The peculiarities of HM input, distribution, and accumulation in the water of Lake Gusinoe have been determined. It was shown that the input of HMs into the water is attributed to leaching from adjacent territories, including urban areas, abandoned coal mine dumps, and ash dumps of the Gusinoozersk GRES (a thermal power plant). Exceedances of the MACs for iron were observed in the Zagustai and Tel inflows, and in the Bayan-gol outflow; for manganese they were observed in all inflows, in the Bayan-gol outflow, and in the water area of the lake (points 8 and 9). Exceedances of the MACs were observed for zinc in the vicinity of the GRES, and for copper at all sampling sites. However, there were no exceedances of the MACs for chromium, nickel, cadmium, and lead throughout the basin. In the present study, concentrations of copper, chromium, nickel, and lead in BSs were low. Concentrations of iron, manganese, and zinc exceeded background levels at points 16, 17, and 18. In addition, cadmium levels in the Tel River and at point 18 exceeded background levels by a factor of 2.

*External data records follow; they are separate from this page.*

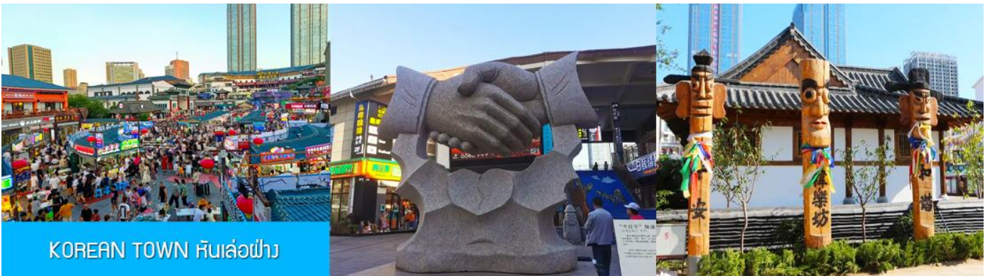
KOREAN TOWN หันเล่อฝาง
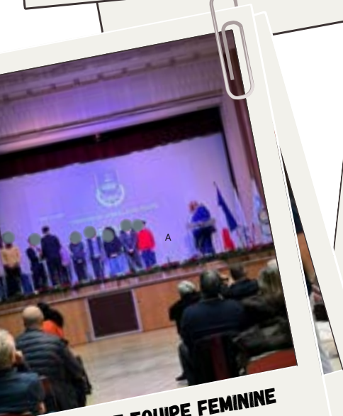
MEILLEURE EQUIPE FEMMINE 2023 AU TROPHEE PARISIEN DU SPORT
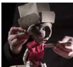
GRANDS PETITS DÉPARTS (2014)
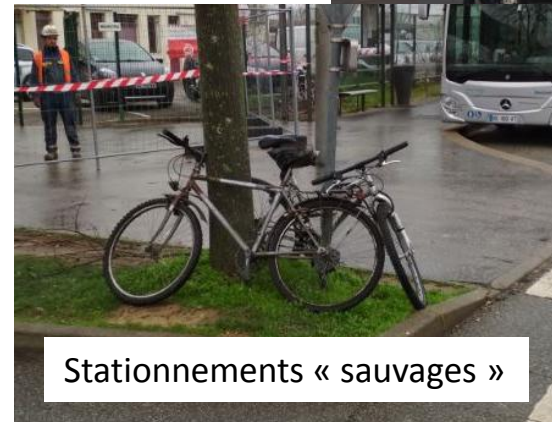
Stationnements « sauvages »
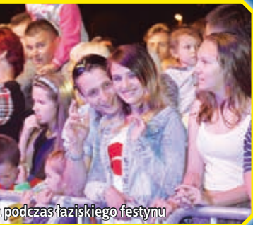
podczas łaziskiego festynu
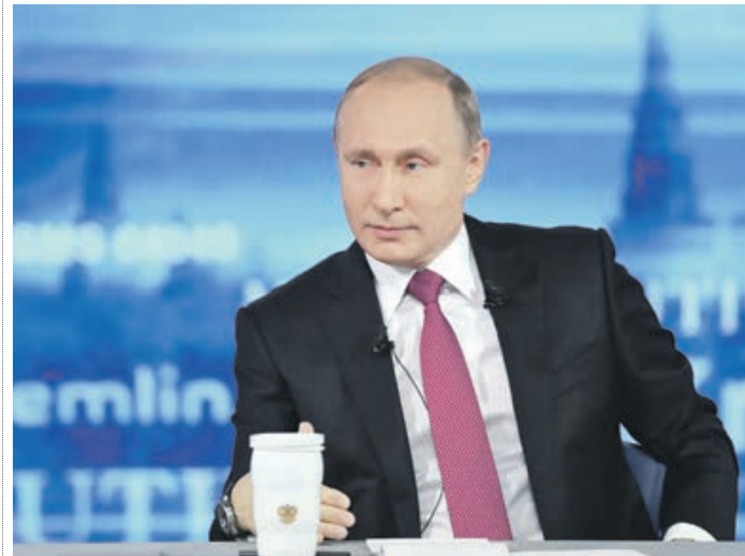
Вчера 13:45 Президент России Владимир Путин ответил на 73 вопроса жителей нашей страны

О протестах оппозиции Я готов разговаривать со всеми, кто нацелен на улучшение жизни людей, нацелен на то, чтобы решать стоящие перед Россией проблемы, а не использовать имеющиеся трудности, которых всегда и везде достаточно, для собственного политического пиара и собственной раскрутки.
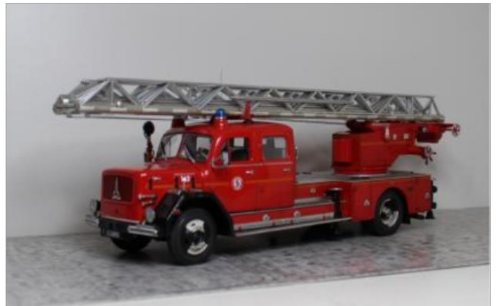
Stegbil nr 143. Magirus Deutz 150 1964. Orange reflexmärkning.
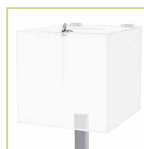
Losbox aus Milchglas
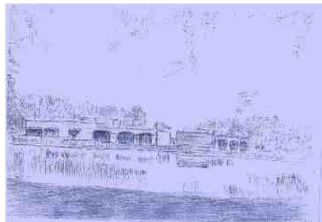
Tekening van woonzorglocatie 'De Hessegracht', getekend door een cliënt.

Attent Zorg en Behandeling Hoofdstraat 8 6994 AE De Steeg
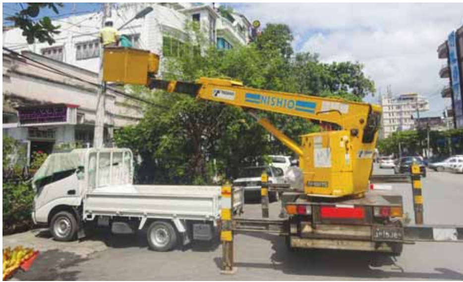
မန္တလေး၊ အောက်တိုဘာ ၁၆

မန္တလေးမြို့သည် စီးပွားရေးဖွံ့ဖြိုးလာပြီး ယာဉ်သုံးစွဲမှုများပြားလာရာ မြို့နေပြည်သူများ ယာဉ်အန္တရာယ်ကင်းရှင်းစေရေး၊ ထိခိုက်မှုလျော့နည်းစေရေး၊ မြို့တွင်းလမ်းများ လုံခြုံမှုအထောက်အကူဖြစ်စေရေးအတွက် မန္တလေးမြို့တော် စည်ပင်သာယာရေးကော်မတီ အဆောက်အအုံနှင့် ကုန်ရုံဌာနက ချမ်းအေးသာစံမြို့နယ်အတွင်း (၈၁)လမ်း၊ (၈၂)လမ်း၊ (၈၃)လမ်းများတွင် LED (၈၀) ဝပ် လမ်းမီးများတပ်ဆင်ခြင်း၊ လျှပ်စစ်အန္တရာယ်ကင်းဝေးစေရေး ဖိုက်ဖာကာ
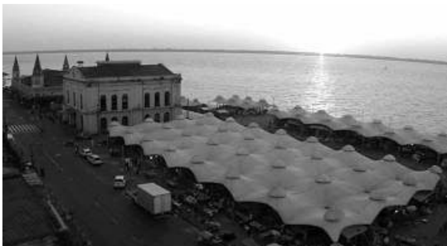
Vista aérea de Ver-o-Peso: las tiendas y la bahía de Guajará

Hoy en día, el comercio y los servicios ofrecidos en Ver-o-Peso se distribuyen espacialmente por afinidad, disponiendo de más de veinte bloques o sectores de actividades. Algunas se realizan en espacios edificados y/o delimitados claramente por demarcaciones físicas, como por ejemplo la Feria del Asaí, el muelle de Ver-o-Peso, el Mercado de Peces, el Mercado de Carne y la Piedra del Pez, además de los establecimientos de comercio y servicios ubicados en la avenida Castilho França. Otros sectores se delimitan en la práctica a través de acuerdos formales e informales entre los usuarios e interlocutores del poder público, sin que existan parámetros edificados que los separen físicamente, conformando así un territorio contiguo ocupado, independientemente del tipo de actividad que allí se realiza. Éste es el caso de los sectores de hortalizas y frutas, yerbas, camarón seco, productos de almacén, productos típicos (diferentes tipos de mandioca, pomarrosa, salsa de yuca, pimentas), animales vivos, comida, productos industrializados, artesanía y pulpas de fruta. También se desempeñan actividades de ventas ambulantes llevadas a cabo por algunos vendedores, manicuras, anotadores de apuestas de juego que van y vienen por toda el área de Ver-o-Peso, sin quedarse fijos en puntos o sectores específicos.
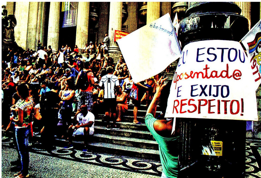
FALTOU CAIXA Protesto de servidores no Rio: disparada nos gastos com o funcionalismo público e com os inativos
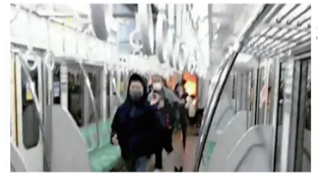
車内列車車内火災

國際日報報書網址： https://www.facebook.com/InternationalDaily
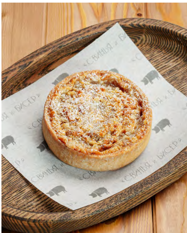
Ореховая корзинка со сгущёнкой и кокосом 70 г
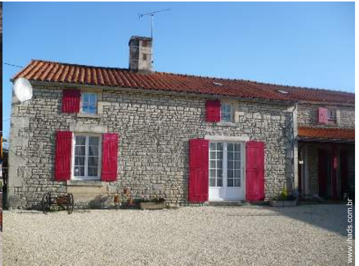
Antiga casa agrícola de Encanto
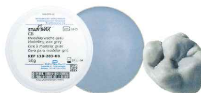
スターワックスCB グレー 120-203-00
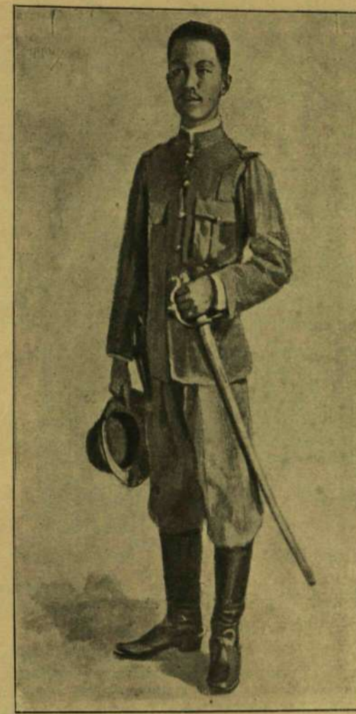
AGUINALDO EMIL, a filippini-szigeti fölkelés vezetője.
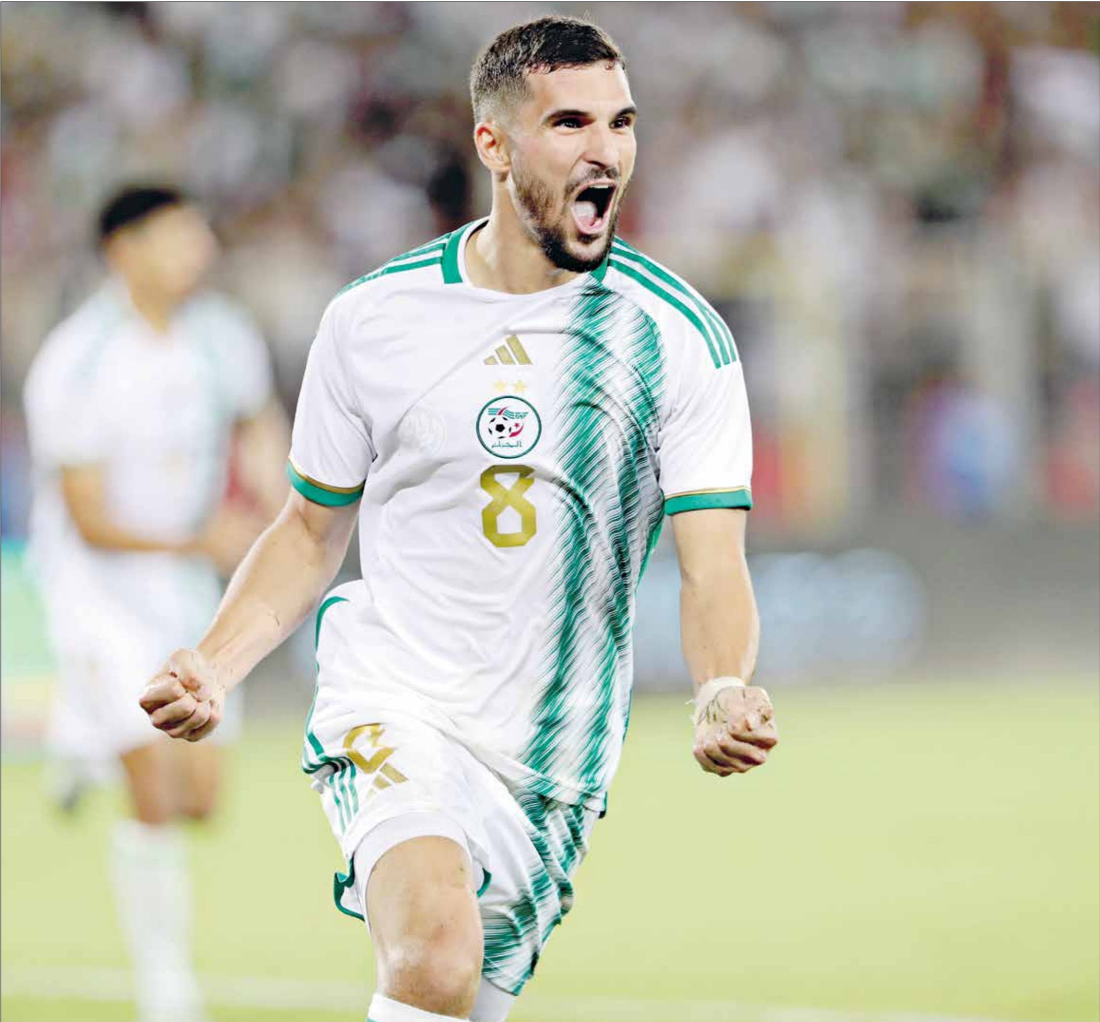
يسعى منتخب الجزائر للتأهل فور حديد على نظيره لونغو

كبيرة على مرمى الجزائر، وتعداها 1-1 في الشوط الأول قبل أن نعدل الطريقة، ونتأقفي الإخطاء في النصف الثاني، ونقدم 45 دقيقة متالية، وسجلنا فيها أربعة أهداف، وحققنا الفوز الكبير، وهو الأمر الذي يجب وضعه في الحسابات جيدا خلال اللقاء المقبل». وأضاف بيتكوفيتش: «سيناريو المباراة الأخيرة كان مذهلا، وحققنا الهدف الأهم بالنسبة لينا، وهو تصدُر المجموعة، بل نوسعى الآن لتكرار التفوق، وحسم التأهل إلى كأس الأمم الأفريقية مبكرا»، وأشار
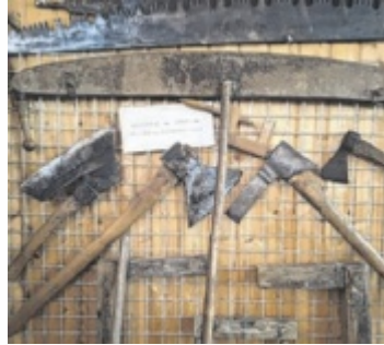
Einblicke ins Handwerk.

Den Anfang macht am Sonntag, 3. Mai, Hubert Derntl – er gibt einen umfassenden Einblick in die Holzbearbeitung. Dabei entstehen Hackenstiele, Sensen werden gedengelt und aus Nüssen werden kleine Schätze gefertigt. Für das leibliche Wohl ist bestens gesorgt. ■

The distribution of HMs in the water and BSs of the lake was analyzed using PCA. It was shown that the distribution of HMs in the water is influenced by the anthropogenic load on the lake and its basin, while in the BSs their distribution is determined by the sediment structure. The use of several ecological risk indices gives more comprehensive and comparable results. Consequently, the water hazard index indicated a low risk for all samples. The Enrichment Factor and Contamination Factor indicated low contamination of the BSs, except for the central points in the water area of Lake Gusinoe.

The values of the pollution load index (PLI), geoaccumulation index, and ecological risk factor indicated a low ecological risk for all investigated metals in the Lake Gusinoe basin. However, since Lake Gusinoe serves as the sole source of water supply for Gusinoozersk, it may become unsuitable for domestic water use in a few years. Therefore, the preservation of Lake Gusinoe is of vital importance for the city and the settlements located along its shores.